Summary or TL;DR – There are many different aproaches available to making a DNA library – which simply is a collection of different DNA sequences containing variation in one or more positions. Each library generation method deals differently with a number of parameters, such as location of the mutations and the number of variants generated. In most circumstances, it is possible for multiple methods to deliver the same library at different cost, or different libraries at the same cost. The challenge then becomes in choosing a suitable method that delivers a suitable library for the application at hand.

Use of metaphors: To make some of the concepts more accessible and to emphasise particular differences between approaches, I use a LEGO set metaphor here. The original kit is your starting point or wild-type protein and evolution here is focusing on changing some of the bricks in the set so that you get a different toy out of your starting set. Libraries are the parts you can order from the LEGO shop with the methods being how you can order those parts. The cost in this shop is set by the number of orders you place.

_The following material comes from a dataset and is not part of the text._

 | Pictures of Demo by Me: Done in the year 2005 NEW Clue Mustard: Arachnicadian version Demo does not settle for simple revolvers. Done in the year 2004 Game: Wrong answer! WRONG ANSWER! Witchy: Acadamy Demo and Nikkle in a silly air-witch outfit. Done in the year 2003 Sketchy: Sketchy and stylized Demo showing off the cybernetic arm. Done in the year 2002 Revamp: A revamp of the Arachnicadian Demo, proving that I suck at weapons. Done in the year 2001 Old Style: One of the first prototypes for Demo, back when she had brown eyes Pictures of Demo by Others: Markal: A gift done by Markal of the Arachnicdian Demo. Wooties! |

One of the key and most fundamental considerations in directed evolution is the starting library. For instance, the number of variants within a library should be compatible with the approach used in selection to make sampling meaningful: a library that exceeds 1e10 (1 x 1010) variants is not effectively sampled if a selection platform is limited in its potential to screen 1e5 variants at a time. In our LEGO analogy, this would be the equivalent of only having your own two hands to test the 10,000 spare parts you ordered.

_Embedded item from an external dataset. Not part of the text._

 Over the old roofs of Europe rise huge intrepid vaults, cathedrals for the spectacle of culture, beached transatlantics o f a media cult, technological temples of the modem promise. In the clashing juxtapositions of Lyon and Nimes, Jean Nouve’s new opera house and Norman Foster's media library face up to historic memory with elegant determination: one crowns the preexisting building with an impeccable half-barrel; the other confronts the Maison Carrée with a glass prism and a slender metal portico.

However, library size (in relation to the selection platform) is only one aspect of what is generally described as library quality. High quality libraries target mutations to the region of the DNA being selected (e.g. to the gene not the plasmid carrying the target gene for evolution) and they minimise the number of inactive variants (which would therefore not contribute to selection). It also minimises the frequency of the starting gene (which, presumably, does not have the desired function) and it minimises biases from the genetic code sampling (e.g. there are six codons for leucine but only one for methionine). The latter is important because it directly contributes to library size. In our LEGO analogy, this would be the equivalent of being able to order a single copy of all parts that match the space available, while excluding the starting piece you are trying to replace. Clearly, the ideal scenario in the LEGO situation would be to order only the single piece you want and that is the goal of rational protein design – a topic for a different blog.

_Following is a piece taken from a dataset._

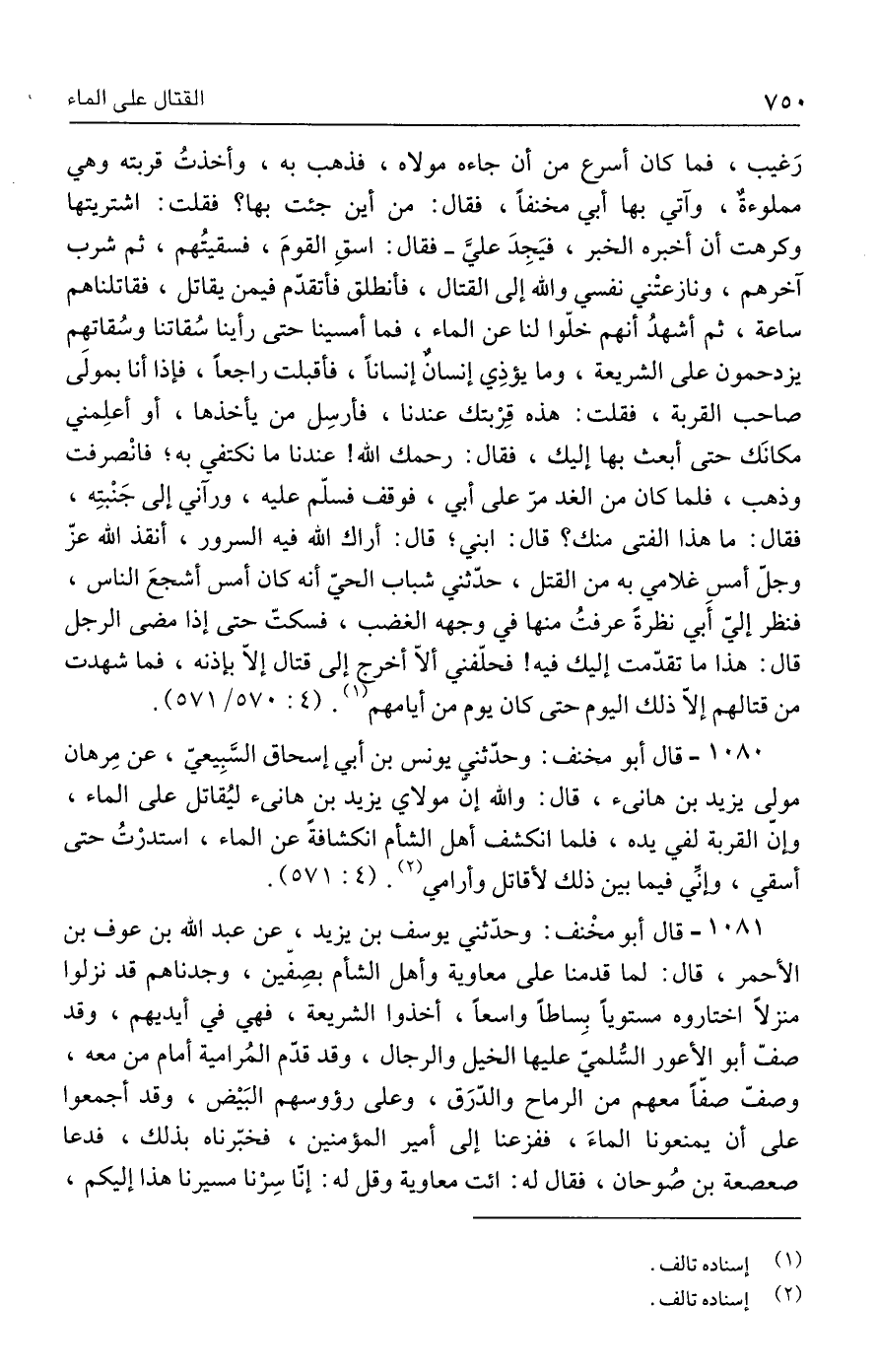 ١٠٨٠ - قال أبو مخنف: وحدّثني يونس بن أبي إسحاق السَّبِيعيّ، عن مِرهان مولى يزيد بن هانئ، قال: والله إنّ مولاي يزيد بن هانئ ليُقاتل على الماء، وإنّ القربة لفي يده، فلما انكشف أهل الشام انكشافةً عن الماء، استدرْتُ حتى أسقي، وإنِّي فيما بين ذلك لأقاتل وأرامي (٢). (٤: ٥٧١).

In practice, it is not always technically possible or economically feasible to achieve perfect libraries and some compromise is required. The commonest and most economical approach towards generating libraries of contiguous mutations is to introduce degeneracies in your oligos. This means that rather than having a single oligonucleotide, you have a mixture of oligonucleotides that are stochastically incorporated by PCR to synthesise the library. For instance, a degenerate oligo such as NTT (degeneracies are represented by standard letters defined by IUPAC conventions – see here) would include a mixture of TTT, CTT, ATT and GTT that would result in F, L, I or V being incorporated in the resulting protein. This would be the equivalent of being able to specify that your block must be thin and four pegs by two long when ordering: you will have blocks of different colours that match your description.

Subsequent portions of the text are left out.